Podríamos tratar en nuestro encuentro parroquial por qué las iglesias cristianas protestantes o conocidas como evangélicas no aceptan todos los libros que sí están en la Biblia Católica.
Lo mismo podríamos adentrarnos en el recorrido histórico desde el cual llegó a fijarse el canon bíblico, necesario para la vida eclesial, una y única, para mantener una misma regla de fe en todas las iglesias esparcidas por la tierra, frente a los herejes que recurrieron con frecuencia a libros “secretos”, o apócrifos y no canónicos, la Iglesia hubo de delimitar con claridad normativa el canon de las Escrituras, para distinguirlas de las escrituras apócrifas o de otra naturaleza (no inspirada).
Así pues, un cristiano buen católico y bien formado sabrá comprender el significado y la necesidad de la canonicidad bíblica, sabiendo valorar los fundados criterios del magisterio autorizado de la Iglesia.
En resumen: El Canon de la Biblia es el catálogo o lista de los libros que la Iglesia considera inspirados por Dios, llamados, por lo mismo, libros canónicos. Son 73 libros; 46 del Antiguo Testamento y 27 del Nuevo Testamento. El canon se aplica a toda la Sagrada Escritura, no sólo a unas partes. Es competencia de la Iglesia determinar cuáles son los libros inspirados y cuáles no, porque tiene la autoridad recibida de Cristo con la asistencia del Espíritu Santo. Además determina cuáles son, porque es ella quien los ha escrito a lo largo de los años. La Iglesia no lleva a cabo esta operación de modo arbitrario, sino mediante la aplicación de unos criterios tanto internos como externos, a través de los cuales le es permitido discernir y descubrir la regla de la fe y de la verdad en un determinado libro, como en un espejo.
Es interesante saber que los 73 libros de la Biblia que tenemos entre manos son fruto de un discernimiento, inspirado por Dios, que hizo la Iglesia, declarando cuáles libros son canónicos y cuáles apócrifos (como secretos, raros, extraños o no inspirados).
La pregunta que pronto se suscita es saber quién tiene la autoridad o la capacidad para decidir si un libro pertenece o no a la Biblia. La Iglesia lo único que hace es atestiguar que ese libro existente ha sido inspirado por Dios; no es la Iglesia quien inventa los libros. ¿Por qué corresponde a la Iglesia discernir que ese libro es inspirado por Dios?

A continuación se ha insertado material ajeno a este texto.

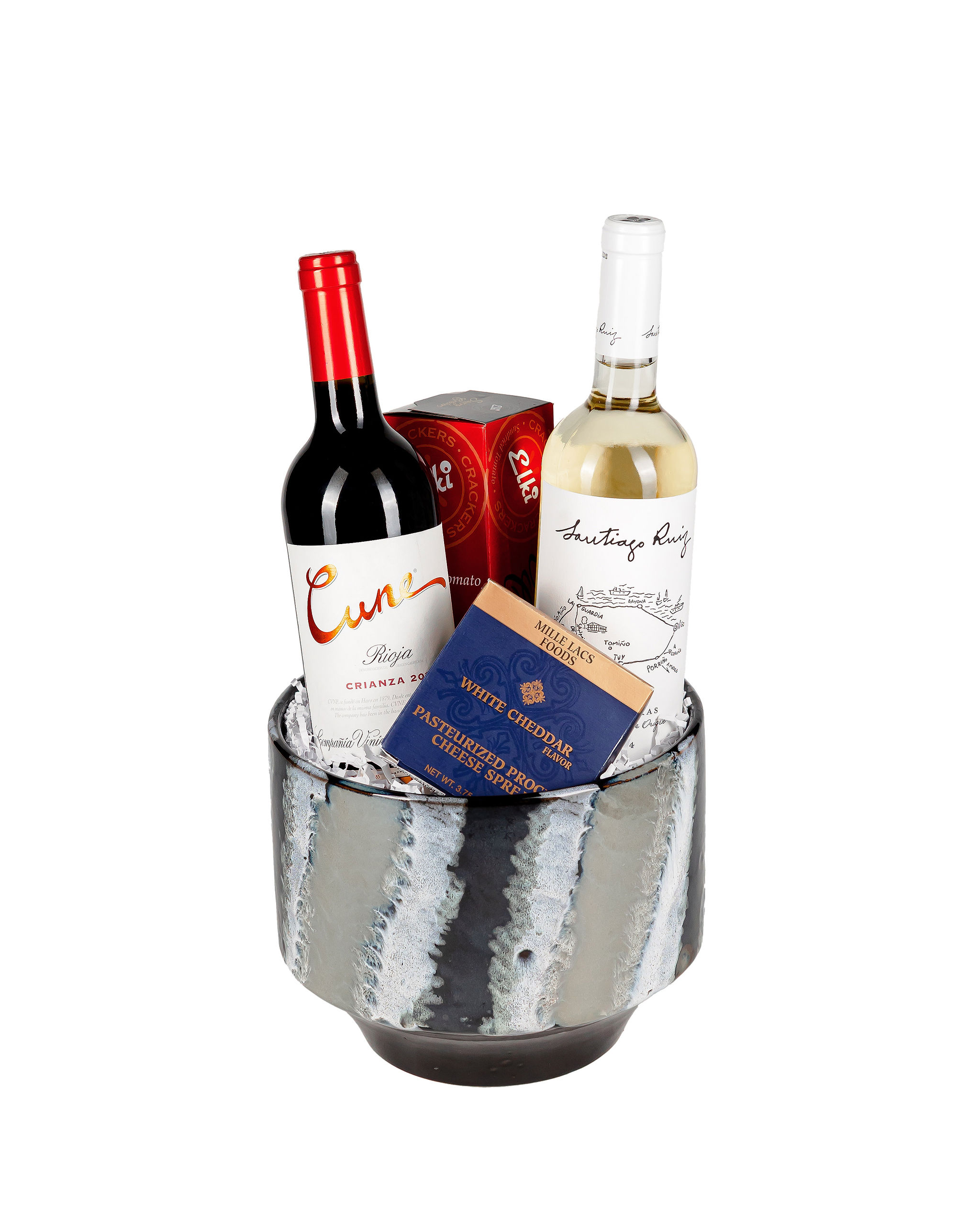 Linda base negra con vinos españoles Cune Crianza, Santiago Ruiz y conservas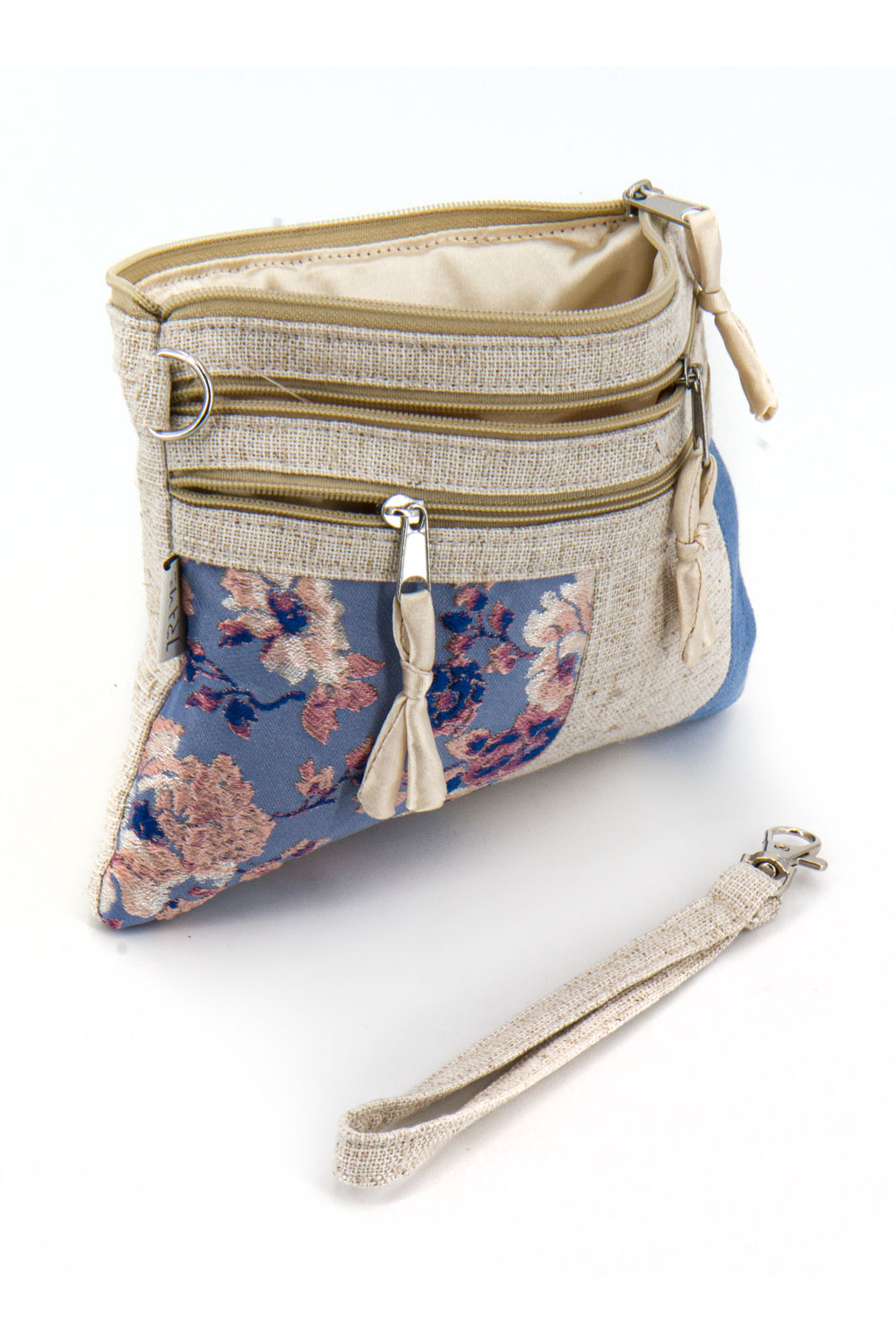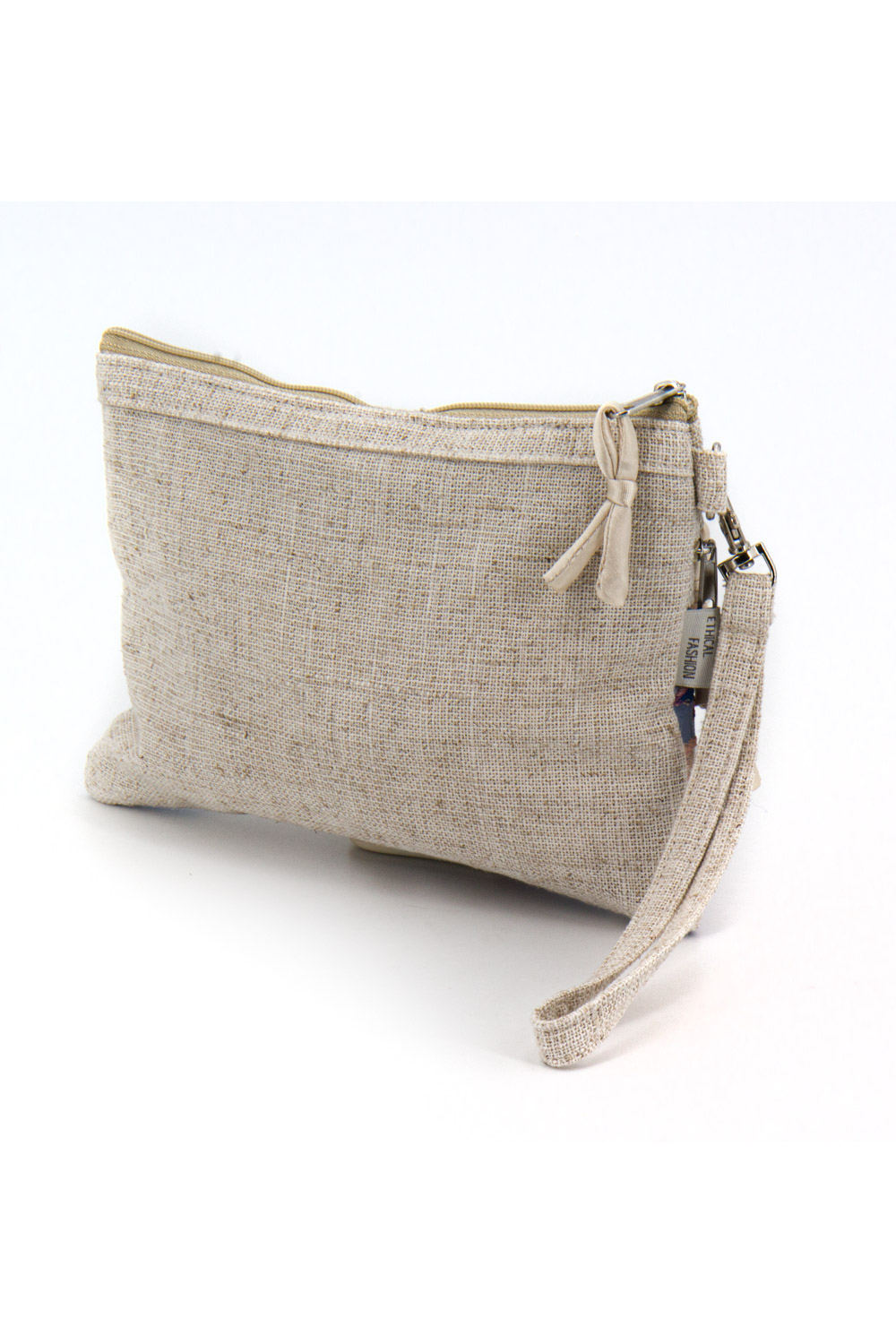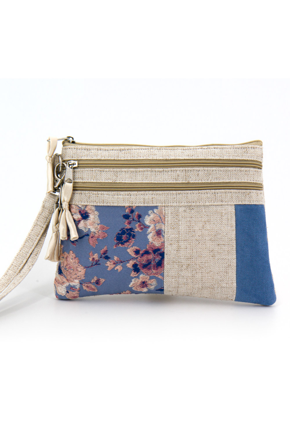 Pochette da portare a mano in mix di tessuti e fantasie su base lino ecrù. Dotata di un piccolo manico. Tre scomparti con zip e interni foderati.

Por dos motivos:

a) Porque la Biblia, Palabra de Dios escrita, es fruto de la predicación de la Iglesia misma: fue la primera comunidad cristiana quien empezó a poner por escrito su predicación sobre la vida y doctrina de Jesús. Entonces sólo a ella pertenece la justa interpretación de lo que escribió; como pertenece sólo al autor de un libro interpretar rectamente lo que escribió en su libro.
b) Porque Jesús entregó a Pedro “las llaves” de su Reino, es decir de su Iglesia, y sólo él, unido a los apóstoles, por mandato de Jesús, tiene el poder del Espíritu Santo de discernir la verdad. También los obispos (siempre en comunión con el Papa) son sujetos de magisterio auténtico y son asistidos por el Espíritu de Cristo para explicar y aplicar la Escritura (LG 25). Todo cristiano tiene, sin duda, este Espíritu de Dios al recibir el bautismo; pero el cristiano, como individuo y particular, no tiene la función el interpretar la Biblia. Nos dice el concilio Vaticano II: “El oficio de interpretar auténticamente la palabra de Dios, oral o escrita, ha sido encomendado únicamente al Magisterio de la Iglesia, el cual lo ejercita en nombre de Jesucristo. Pero el Magisterio no está por encima de la palabra de Dios, sino a su servicio, para enseñar puramente lo transmitido, pues por mandato divino y con la asistencia del Espíritu Santo, lo escucha devotamente, lo custodia celosamente, lo explica fielmente; y de este depósito de la fe saca todo lo que propone como revelado por Dios para ser creído” (DV 10).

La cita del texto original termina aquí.